There's so many knobs to tweak, it's a non trivial problem
- Average/median length of your Prompts
- prompt eval speed (tok/s)
- token generation speed (tok/s)
- Image/media encoding speed for vision tasks
- Total amount of RAM
- Max bandwidth of ram (ddr4, ddr5, etc.?)
- Total amount of VRAM
- "-ngl" (amount of layers offloaded to GPU)
- Context size needed (you may need sub 16k for OCR tasks for instance)
- Size of billion parameters
- Size of active billion parameters for MoE
- Acceptable level of Perplexity for your use case(s)
- How aggressive Quantization you're willing to accept (to maintain low enough perplexity)

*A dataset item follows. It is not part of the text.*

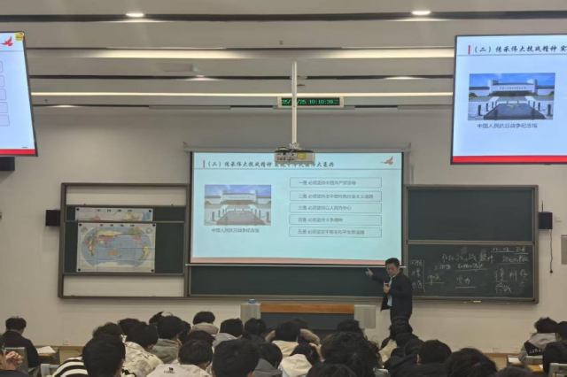 在教学过程中,周书记以严谨的史学视野,系统阐释了中国人民抗日战争的历史地位和世界意义,并从三个维度系统阐释:首先,从世界反法西斯战争全局出发,论证了中国战场作为东方主战场的重要地位;其次,通过详实的历史资料和数据,展现中国人民为世界反法西斯战争胜利作出的巨大贡献;最后,深刻分析了中国战场对日本军国主义的有力牵制及其对全球战局产生的深远影响。他强调,抗战精神是以爱国主义为核心的民族精神的集中体现,包含天下兴亡、匹夫有责的爱国情怀,视死如归、宁死不屈的民族气节,不畏强暴、血战到底的英雄气概,百折不挠、坚忍不拔的必胜信念。这种精神财富至今仍具有重要的时代价值。

- even finer grain knobs: temperature, penalties etc.
Also, Tok/s as a metric isn't enough then because there's:
- thinking vs non-thinking: which mode do you need?
- models that are much more "chatty" than others in the same area (i remember testing few models that max out my modest desktop specs, qwen 2.5 non-thinking was so much faster than equivalent ministral non-thinking even though they had equivalent tok/s... Qwen would respond to the point quickly)
At the end, final questions are: are you satisfied with how long getting an answer took? and was the answer good enough?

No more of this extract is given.